Researchers at RMIT University in Australia have developed a polystyrene-based device that generates static electricity from wind to reduce air conditioner energy use by up to 5%.

From RMIT University 03/11/24 (first released 28/10/24)

An invention made from waste polystyrene that generates static electricity from motion and wind could lower power usage by recycling waste energy in air conditioners and other applications. Credit Seamus Daniel, RMIT University

An invention made from waste polystyrene that generates static electricity from motion and wind could lower power usage by recycling waste energy in air conditioners and other applications.

More than 25 million tonnes of single-use, polystyrene packaging materials are made globally each year, but only a tiny fraction is recycled – most of it goes to landfill once it has served its purpose.

The innovation by RMIT University in collaboration with Riga Technical University in Latvia helps address this waste challenge by finding a practical use for the material.

RMIT has filed a provisional patent application for this invention and is now seeking industry partners to invest in developing it for commercial technologies.

Lead researcher Dr Peter Sherrell, from RMIT, said the innovative thin patch, made from multiple layers of polystyrene each around one-tenth the thickness of a human hair, produced static electricity.

“We can produce this static electricity just from air blowing on the surface of our clever patches, then harvest that energy,” said Sherrell from the School of Science.

“There’s potential for energy from the turbulent exhaust of air conditioning units to be collected that could reduce the energy demand by up to 5% and, ultimately, lower the carbon footprint of the system.”

The maximum voltage that the devices were able to produce in experiments was around 230 volts, which is a comparable voltage to mains voltage in homes, though at much lower power.  

“The biggest numbers come from a compression and separation, where you’ve got faster speeds and bigger motion, while smaller motion generates less energy,” Sherrell said.

“This means that in addition to air conditioners, integrating our patches in high traffic areas such as underground walkways could supplement local energy supply without creating additional demand on the grid.”

More energy could be harvested with additional layers of polystyrene, Sherrell said.
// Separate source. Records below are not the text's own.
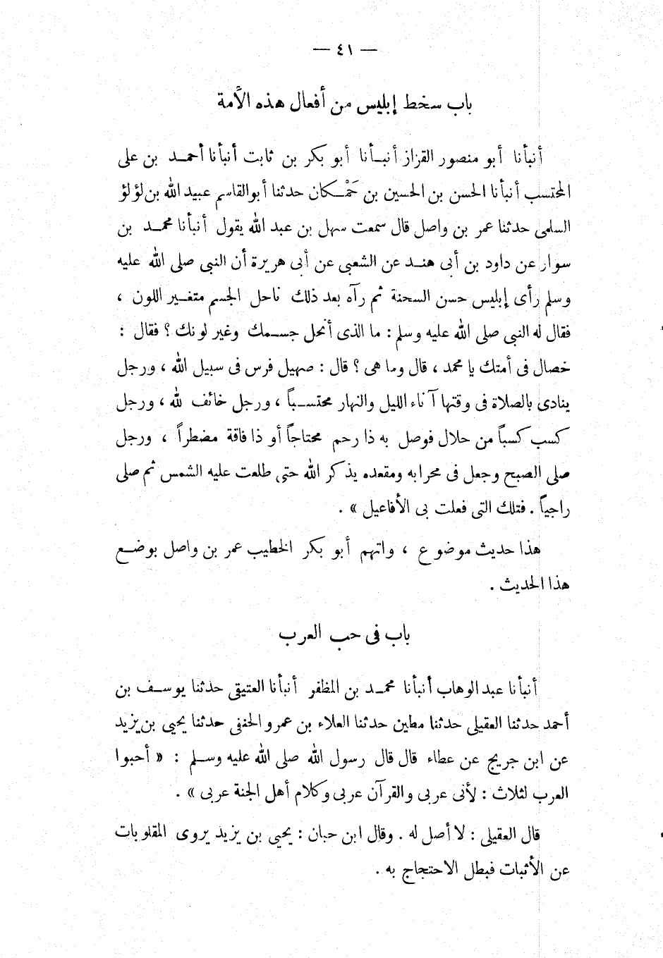 بَاب سخط إِبْلِيس من أَفعَال هَذهِ الامة أَنْبَأَنَا أَبُو مَنْصُورٍ الْقَزَّازُ أَنْبَأَنَا أَبُو بَكْرِ بْنُ ثَابِتٍ أَنْبَأَنَا أَحْمَدُ بْنُ عَلِيٍّ الْمُحْتَسِبُ أَنْبَأَنَا الْحَسَنُ بْنُ الْحُسَيْنِ بْنِ حَمْكَانَ حَدثنَا أَبُو الْقَاسِم عبيد الله بْنُ لُؤْلُؤٍ السُّلَمِيُّ حَدَّثَنَا عُمَرُ بْنُ وَاصِلٍ قَالَ سَمِعْتُ سَهْلَ بن عبد الله يَقُولُ أَنْبَأَنَا مُحَمَّدُ بْنُ سَوَّارِ عَنْ دَاوُدَ بْنِ أَبِي هِنْدٍ عَنِ الشَّعْبِيِّ عَنْ أَبِي هُرَيْرَةَ إِن النَّبِي صَلَّى اللَّهُ عَلَيْهِ وَسَلَّمَ رَأَى إِبْلِيسَ حَسَنَ السِّحْنَةِ ثُمَّ رَآهُ بَعْدَ ذَلِكَ نَاحِلَ الْجِسْمِ مُتَغَيِّرَ اللَّوْنِ، فَقَالَ لَهُ النَّبِي صَلَّى اللَّهُ عَلَيْهِ وَسَلَّمَ: مَا الَّذِي أَنْحَلَ جِسْمَكَ وَغَيَّرَ لَوْنَكَ؟ فَقَالَ: خِصَالٌ فِي أُمَّتِكَ يَا مُحَمَّدُ، قَالَ وَمَا هِيَ؟ قَالَ: صَهِيلُ فَرَسٍ فِي سَبِيلِ اللَّهِ، وَرَجُلٌ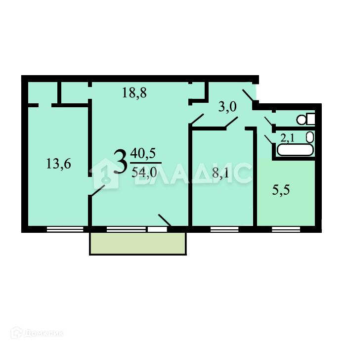 Общая площадь 55 м2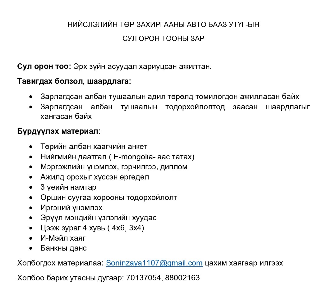 НЭЭЛТТЭЙ АЖЛЫН БАЙР (ЭРХ ЗҮЙН АСУУДАЛ ХАРИУЦСАН АЖИЛТАН)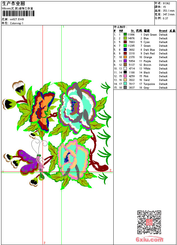 - emb花版参数: 大小:293.00 KB / 尺寸:347*353[毫米] / 针数:91362针 / 线色:15 / 格式:emb / 版本:9

“The great thing here is the same reason that it takes 500 years for polystyrene to break down in landfill makes these devices really stable – and able to keep making electricity for a long time.”

The research underpinning the static electricity invention is published in Advanced Energy and Sustainability Research.
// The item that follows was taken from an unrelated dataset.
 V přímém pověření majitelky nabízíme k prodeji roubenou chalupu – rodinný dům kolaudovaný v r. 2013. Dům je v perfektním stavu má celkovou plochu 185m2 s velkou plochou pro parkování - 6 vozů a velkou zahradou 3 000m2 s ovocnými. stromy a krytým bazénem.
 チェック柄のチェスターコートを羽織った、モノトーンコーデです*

Solving the mystery of static electricity for practical applications

The phenomenon of static electricity has been observed for thousands of years and is well understood at the macroscopic scale, but it has been a mystery at the nanoscale – until now.

“We’ve figured out how to make the insides of reformed polystyrene rub across each other in a controlled way, making all the charge pull in the same direction to produce electricity,” Sherrell said.

“Over the past few years, we’ve been gaining a better understanding about what is happening.

“Plastics are like millions of little strands and when you put two plastic films together these strands get knotted together.

“When these knots break, there’s a little bit of charge on each part of that broken bond.”

Next steps

The team has explored the use of other single-use plastics to create energy-generating patches.

“We’ve studied which plastic generates more energy and how when you structure it differently – make it rough, make it smooth, make it really thin, make it really fat – how that changes all this charging phenomenon,” Sherrell said.

“The culmination of all our learning has gone into developing these simple little patches that can create quite a large amount of energy.

“The impact of this research now relies on the development of devices for a range of commercial applications with industry partners.”

‘Recycled polystyrene waste to triboelectric nanogenerators: Volumetric electromechanically responsive laminates from same-material contact electrification’ is published in Advanced Energy and Sustainability Research.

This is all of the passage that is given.